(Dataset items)

··········

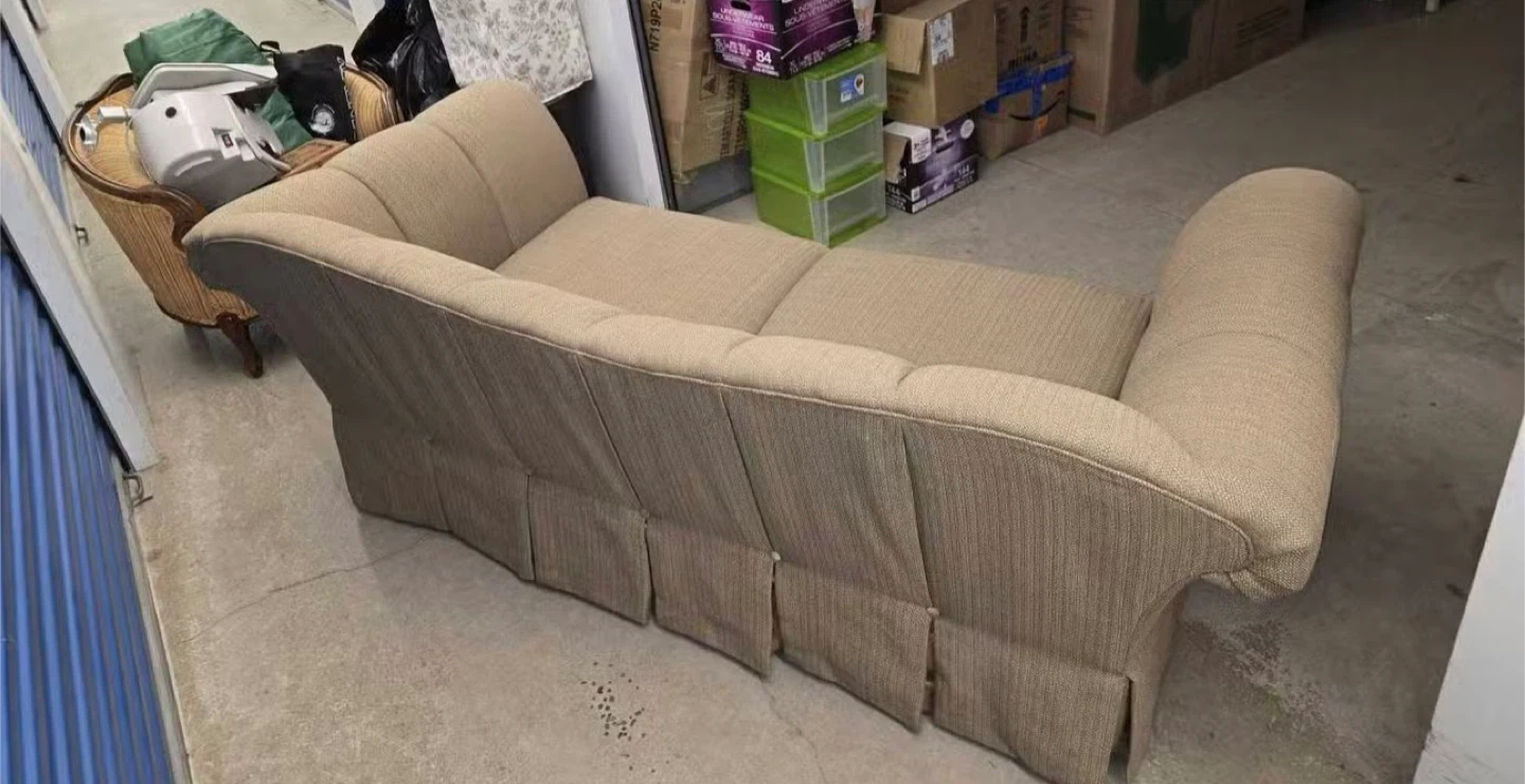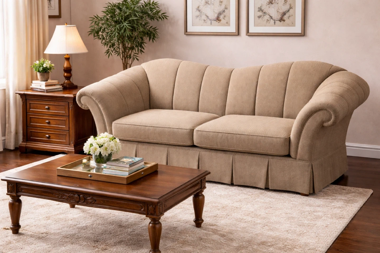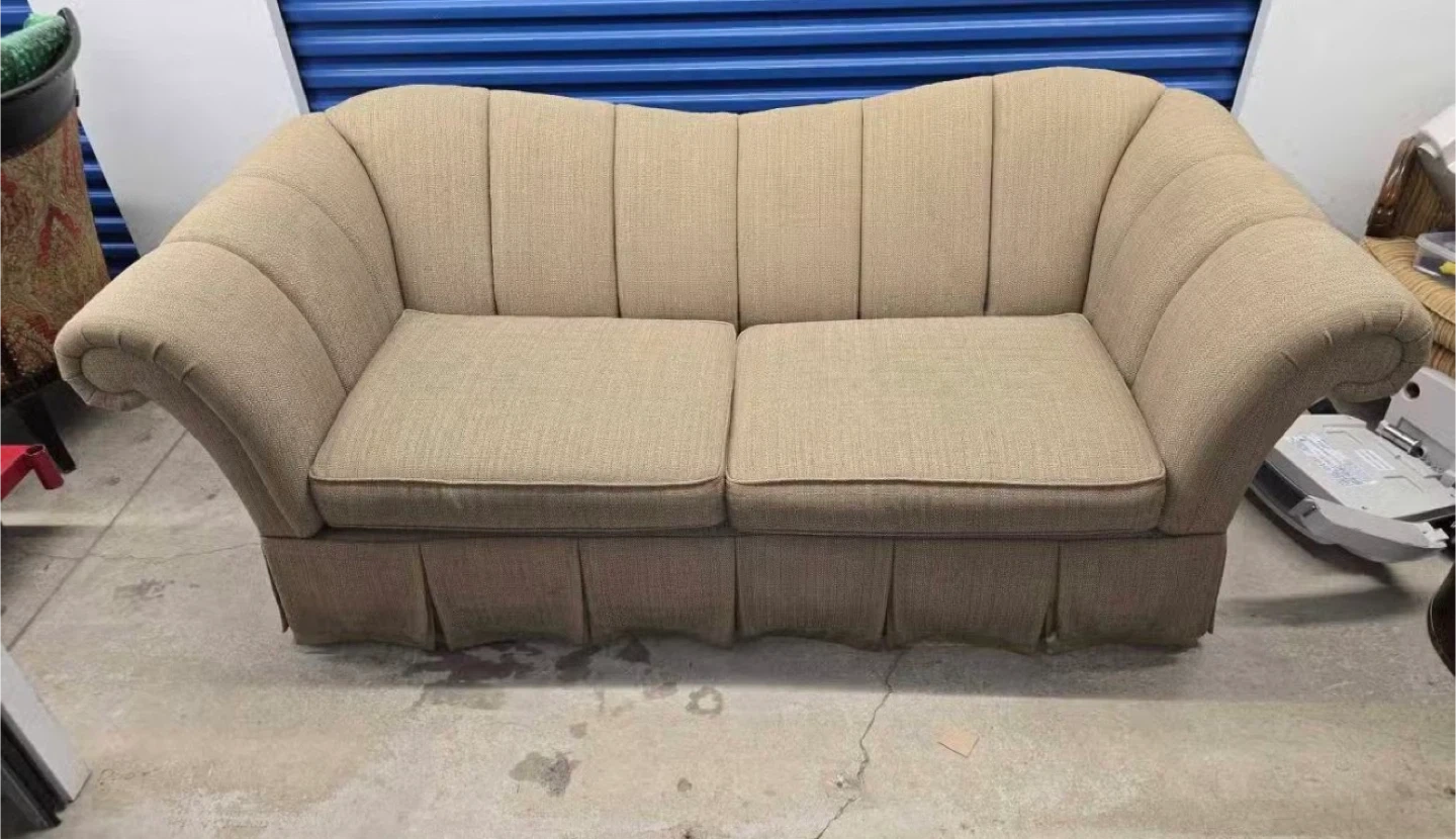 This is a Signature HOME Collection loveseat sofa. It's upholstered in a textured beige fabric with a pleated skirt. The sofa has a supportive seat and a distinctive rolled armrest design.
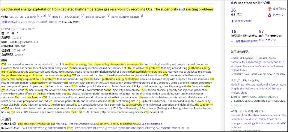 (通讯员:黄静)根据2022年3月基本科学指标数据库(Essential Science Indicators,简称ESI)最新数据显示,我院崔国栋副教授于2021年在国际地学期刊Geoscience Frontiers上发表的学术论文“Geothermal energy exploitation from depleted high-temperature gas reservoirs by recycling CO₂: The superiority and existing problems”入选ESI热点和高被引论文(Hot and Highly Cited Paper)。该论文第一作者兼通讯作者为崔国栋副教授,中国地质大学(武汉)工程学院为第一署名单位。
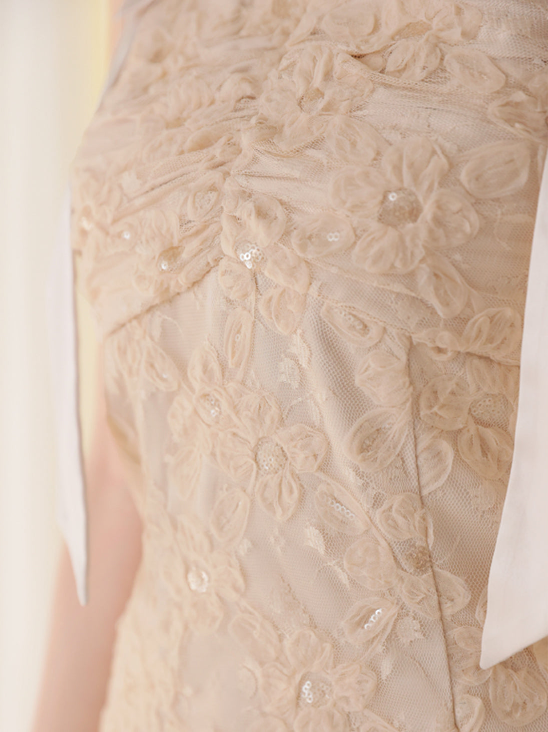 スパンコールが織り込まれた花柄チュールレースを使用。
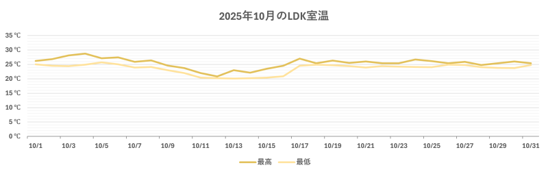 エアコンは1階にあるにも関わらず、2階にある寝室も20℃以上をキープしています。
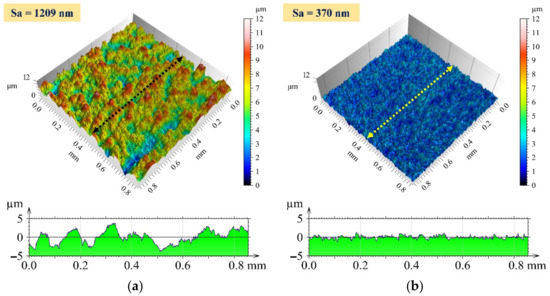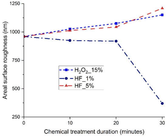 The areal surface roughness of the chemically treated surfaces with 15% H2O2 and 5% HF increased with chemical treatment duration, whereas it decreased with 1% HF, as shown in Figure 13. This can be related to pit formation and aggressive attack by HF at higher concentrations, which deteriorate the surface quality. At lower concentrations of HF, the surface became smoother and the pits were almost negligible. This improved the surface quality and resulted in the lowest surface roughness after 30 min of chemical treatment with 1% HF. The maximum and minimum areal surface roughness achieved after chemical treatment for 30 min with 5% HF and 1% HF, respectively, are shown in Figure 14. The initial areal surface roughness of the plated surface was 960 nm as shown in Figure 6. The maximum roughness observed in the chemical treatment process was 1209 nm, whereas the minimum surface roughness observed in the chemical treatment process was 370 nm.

··········

◆ **PROBLEM DESCRIPTION**
Exclude every picture, then reproduce the remaining data character for character.

◆ **RESULT FOR THIS EXERCISE**
 This is a Signature HOME Collection loveseat sofa. It's upholstered in a textured beige fabric with a pleated skirt. The sofa has a supportive seat and a distinctive rolled armrest design.
 (通讯员:黄静)根据2022年3月基本科学指标数据库(Essential Science Indicators,简称ESI)最新数据显示,我院崔国栋副教授于2021年在国际地学期刊Geoscience Frontiers上发表的学术论文“Geothermal energy exploitation from depleted high-temperature gas reservoirs by recycling CO₂: The superiority and existing problems”入选ESI热点和高被引论文(Hot and Highly Cited Paper)。该论文第一作者兼通讯作者为崔国栋副教授,中国地质大学(武汉)工程学院为第一署名单位。
 スパンコールが織り込まれた花柄チュールレースを使用。
 エアコンは1階にあるにも関わらず、2階にある寝室も20℃以上をキープしています。
 The areal surface roughness of the chemically treated surfaces with 15% H2O2 and 5% HF increased with chemical treatment duration, whereas it decreased with 1% HF, as shown in Figure 13. This can be related to pit formation and aggressive attack by HF at higher concentrations, which deteriorate the surface quality. At lower concentrations of HF, the surface became smoother and the pits were almost negligible. This improved the surface quality and resulted in the lowest surface roughness after 30 min of chemical treatment with 1% HF. The maximum and minimum areal surface roughness achieved after chemical treatment for 30 min with 5% HF and 1% HF, respectively, are shown in Figure 14. The initial areal surface roughness of the plated surface was 960 nm as shown in Figure 6. The maximum roughness observed in the chemical treatment process was 1209 nm, whereas the minimum surface roughness observed in the chemical treatment process was 370 nm.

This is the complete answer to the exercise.